[The data]

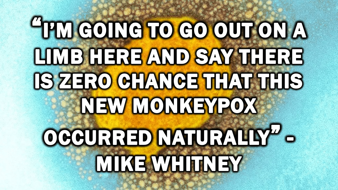 I’m going to go out-on-a-limb here and say there is zero chance that this new disease occurred “naturally”. The only rational assumption one can make, is that monkeypox, like Covid, is a lab-generated pathogen spread by covert agents that are prosecuting a bio-war on the global population.
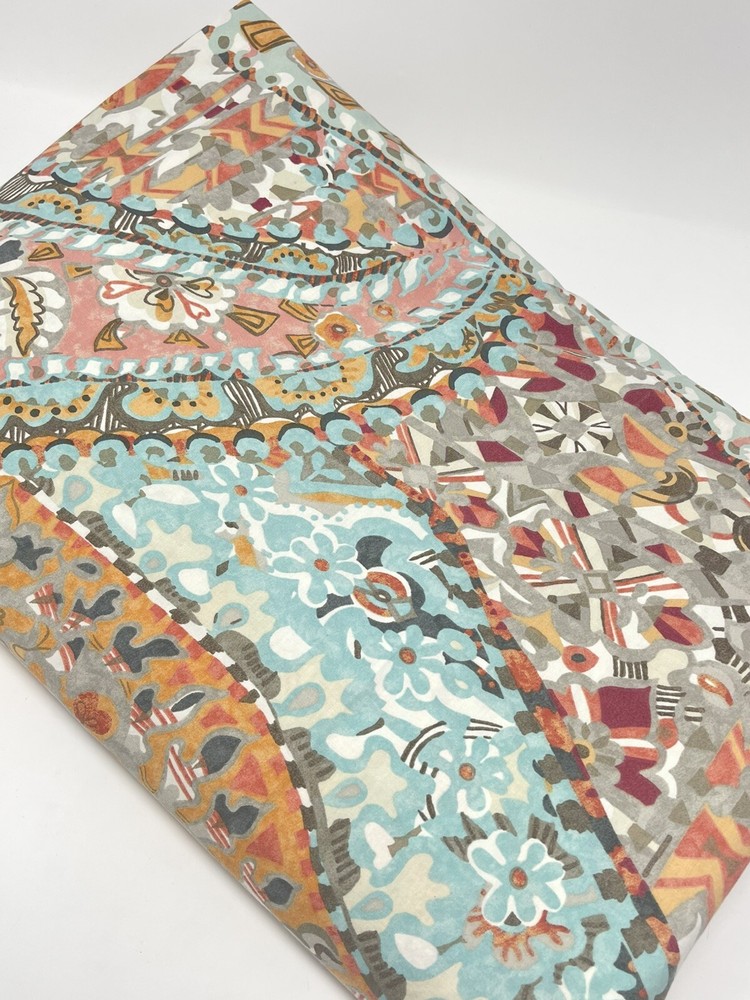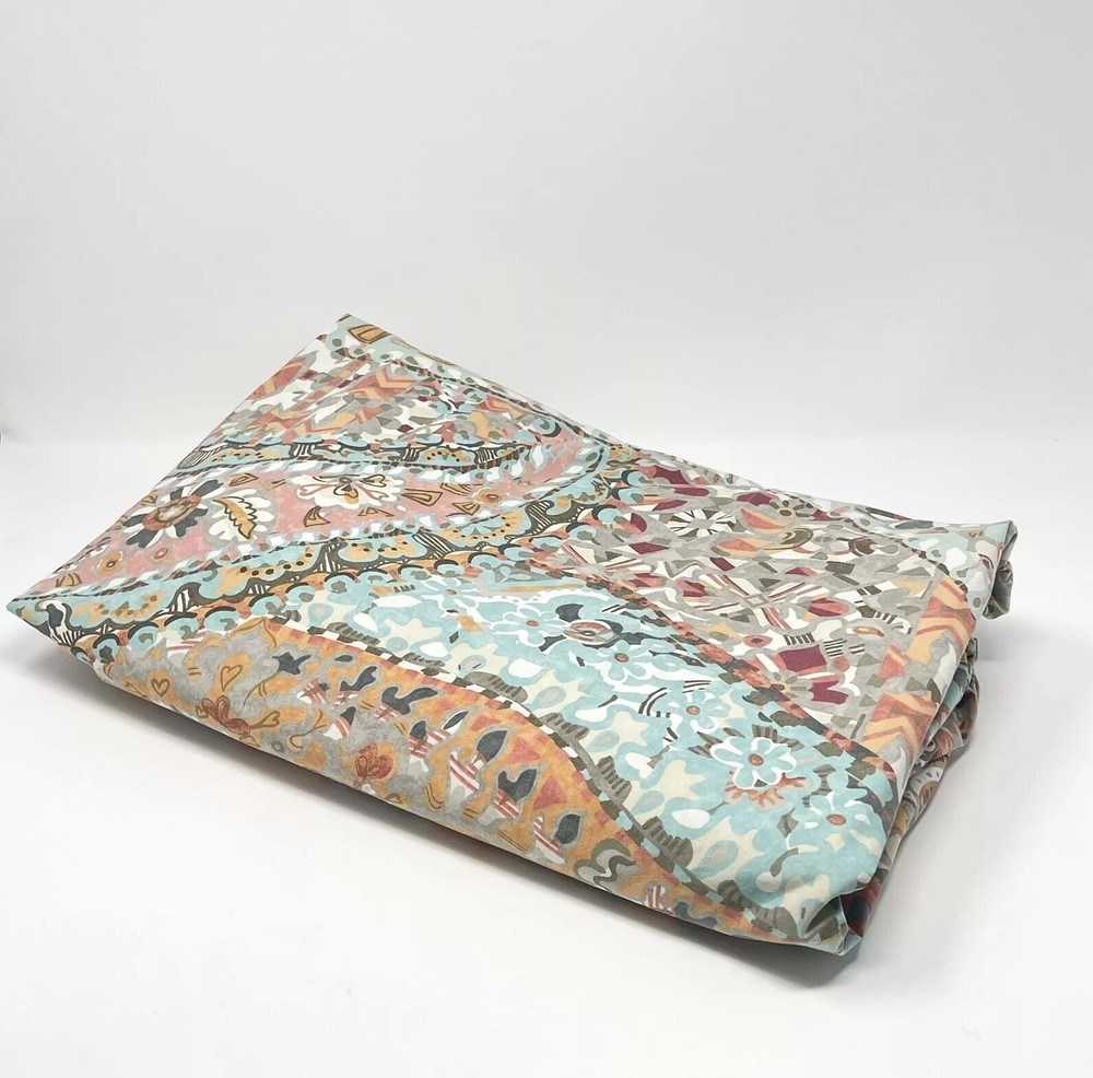 This duvet cover is a dream! The vibrant aqua and orange paisley design adds a gorgeous pop of color, while the organic cotton feels so soft and breathable. It’s in perfect preowned condition—no stains, rips, or wear. Great for refreshing a guest room or master bedroom with boho charm. Love the quality and how easy it is to care for!
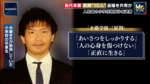 引用:「両親は元校長で人格者」「4歳くらいから九九が言えて頭がよかった…」生徒のリコーダーに体液を混入させた水藤翔太被告の華麗なる経歴〈変態教員グループに閣僚も怒り〉
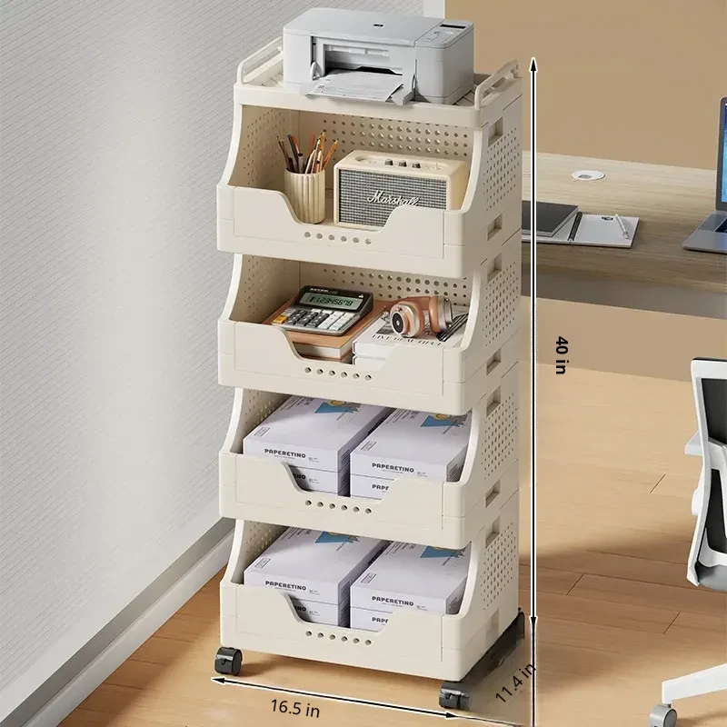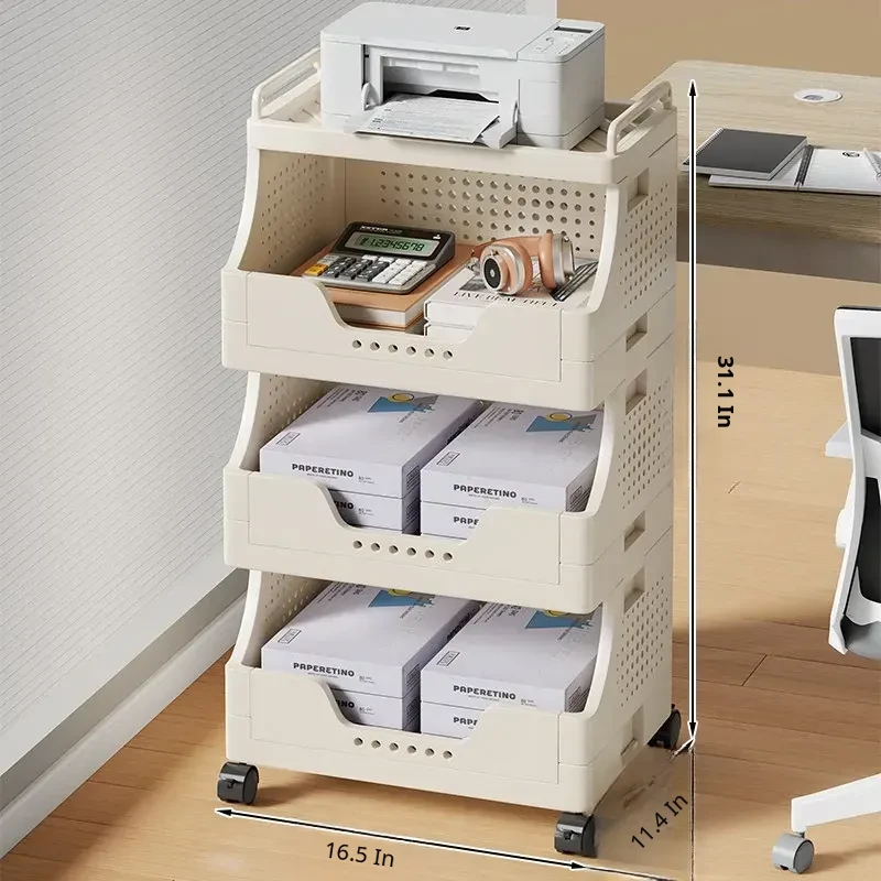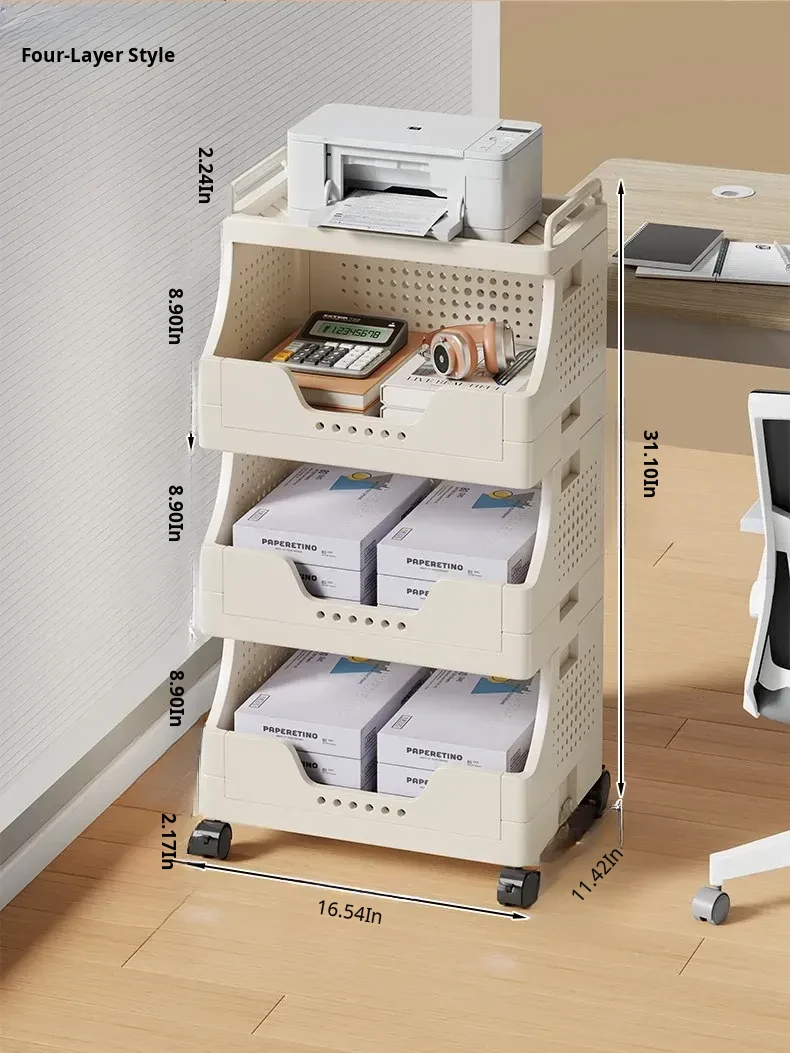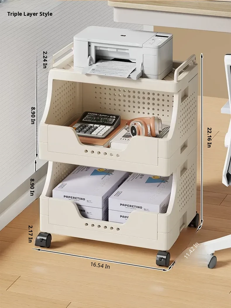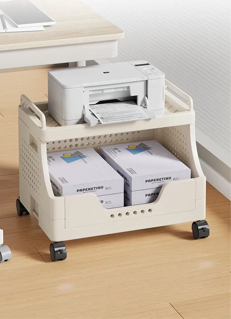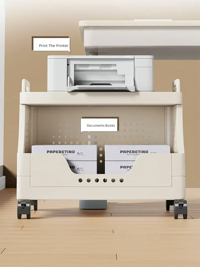 Multi-Tier Rolling Printer Stand - Spacious Under-Desk Storage Cabinet for Office Use, Perfect for Organizing Files and Documents

[/The data]

• [Exercise brief]
Set the lines down exactly as they stand, from the one containing "This duvet cover" through the end of the listing, omitting every picture.

• [Written solution]
 This duvet cover is a dream! The vibrant aqua and orange paisley design adds a gorgeous pop of color, while the organic cotton feels so soft and breathable. It’s in perfect preowned condition—no stains, rips, or wear. Great for refreshing a guest room or master bedroom with boho charm. Love the quality and how easy it is to care for!
 引用:「両親は元校長で人格者」「4歳くらいから九九が言えて頭がよかった…」生徒のリコーダーに体液を混入させた水藤翔太被告の華麗なる経歴〈変態教員グループに閣僚も怒り〉
 Multi-Tier Rolling Printer Stand - Spacious Under-Desk Storage Cabinet for Office Use, Perfect for Organizing Files and Documents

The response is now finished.